Japanese police force in Kyoto (1864–1868)

The Kyoto Mimawarigumi (京都見廻組, Kyōto Mimawarigumi) was a special police force created by the Tokugawa shogunate during the late Bakumatsu period to restore public order to Kyoto.

==History==
In the unsettled period after the ending of the national isolation policy, the political situation in Japan became increasingly chaotic.
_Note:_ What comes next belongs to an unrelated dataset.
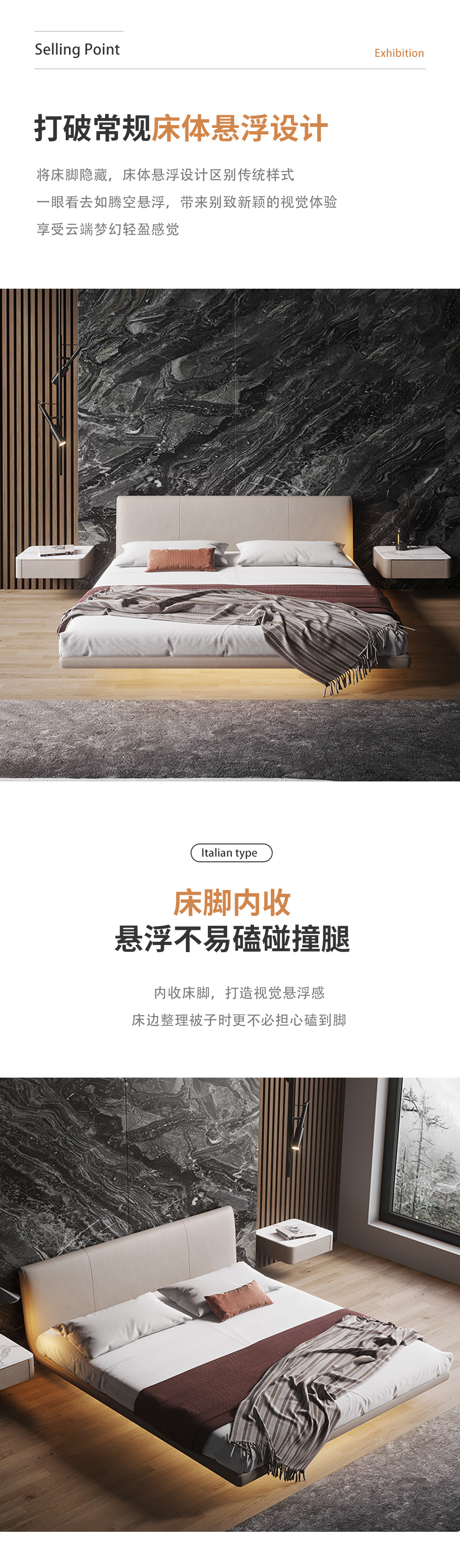 云端 奶油风 超纤皮+高密度海棉 黑白色 1.8米悬浮床¥4963

Anti-government and anti-foreign rōnin congregated on the old imperial capital of Kyoto, and many of the daimyōs from the western feudal domains also established residences in Kyoto in an attempt to exert influence on the Imperial Court to pressure the shogunate towards the sonnō jōi movement ("Revere the Emperor, Expel the Barbarians") against the foreign powers.

===Establishment===
In 1864, the Kyoto Shugoshoku Matsudaira Katamori authorized the establishment of a militia of approximately 200 samurai formed into two companies under the command of Maita Hirotaka and Matsudaira Yasutada to restore public order to Kyoto. The two companies took their names from the courtesy titles of their commanders: the Sagami-no-kami-gumi and the Izumo-no-kami-gumi. The headquarters for the force was Nijō Castle in Kyoto.
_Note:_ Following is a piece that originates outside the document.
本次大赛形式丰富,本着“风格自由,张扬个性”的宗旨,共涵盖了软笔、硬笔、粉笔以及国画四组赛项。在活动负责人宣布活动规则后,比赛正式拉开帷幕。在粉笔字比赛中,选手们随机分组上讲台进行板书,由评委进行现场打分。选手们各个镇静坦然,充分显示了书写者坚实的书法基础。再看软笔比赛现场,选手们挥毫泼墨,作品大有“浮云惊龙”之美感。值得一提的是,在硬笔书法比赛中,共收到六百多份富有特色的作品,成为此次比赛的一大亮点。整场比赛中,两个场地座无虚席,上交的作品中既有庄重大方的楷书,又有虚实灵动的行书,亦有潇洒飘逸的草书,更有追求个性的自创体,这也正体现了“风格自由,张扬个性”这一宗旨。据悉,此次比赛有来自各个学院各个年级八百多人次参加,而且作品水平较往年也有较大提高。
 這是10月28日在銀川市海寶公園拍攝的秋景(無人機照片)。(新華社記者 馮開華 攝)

The purpose of the Mimawarigumi was very similar to that of much more famous Shinsengumi.

The Mimawarigumi was composed entirely of higher-ranking samurai and sons of hatamoto-class retainers, all of whom were direct retainers to the Tokugawa Shogunate, predominantly through the Hoshina-Matsudaira clan of the Aizu domain, as opposed to the rōnin-based Shinsengumi. Indicative of this difference in status, the Mimawarigumi was assigned primarily to protect the Kyoto Imperial Palace and area around Nijo Castle, whereas the Shinsengumi was assigned to the Gion entertainment district and areas of the commoners and shopkeepers.

==Boshin War==
In January 1868, the Mimawarigumi moved to Osaka and stationed at Honkakuji Temple. On January 8, 1868, the Mimawarigumi was renamed to Shin Yūgekitai (新遊撃隊), but later on January 19, only to rename back to Mimawarigumi.

In the Battle of Toba-Fushimi of the Boshin War, they engaged with the Satsuma Domain forces at the Toba Highway. However they were not equipped with firearms, struggled and retreated with other Shogunate forces. Later, They engaged in a battle near Hashimoto. However during the battle, Sasaki Tadasaburō, who was the leader of the unit, was fatally injured and died a few days later. The Mimawarigumi retreated back to Osaka to regroup with other Shogunate forces by January 31, 1868.

==Disbandment==
However in the evening, Tokugawa Yoshinobu, accompanied by the daimyōs of Aizu and Kuwana, slipped away from Osaka Castle and headed to Edo. When the remnants of the forces learned that the Shōgun had abandoned them, they departed as well. The Mimawarigumi first moved to Kishū by foot, and sailed back to Edo, where they were tasked to defend the Edo Castle.

On April 10, 1868, the Mimawarigumi was renamed to Sogekitai (狙撃隊), but on the following day the Tokugawa surrendered to the new Meiji government. In June, the Meiji government decided to move the Tokugawa family to the Sunpu Castle in Suruga (present day Shizuoka). However, many of the Sogekitai members were not allowed to move to Suruga, and the unit was disbanded. Even after their unit's disbandment, Imai Nobuo and others would continue to fight alongside the Shogunate remnants of the forces against the Imperial Army. They eventually surrendered by the end of the Battle of Hakodate, the last battle of the Boshin War.

In 1870 Imai Nobuo, a former member of the Mimawarigumi confessed to a Military Judiciary Panel that he and other Mimawarigumi members, including Sasaki Tadasaburō had assassinated Sakamoto Ryōma in 1867, although the veracity of his confession remains a matter of historical debate.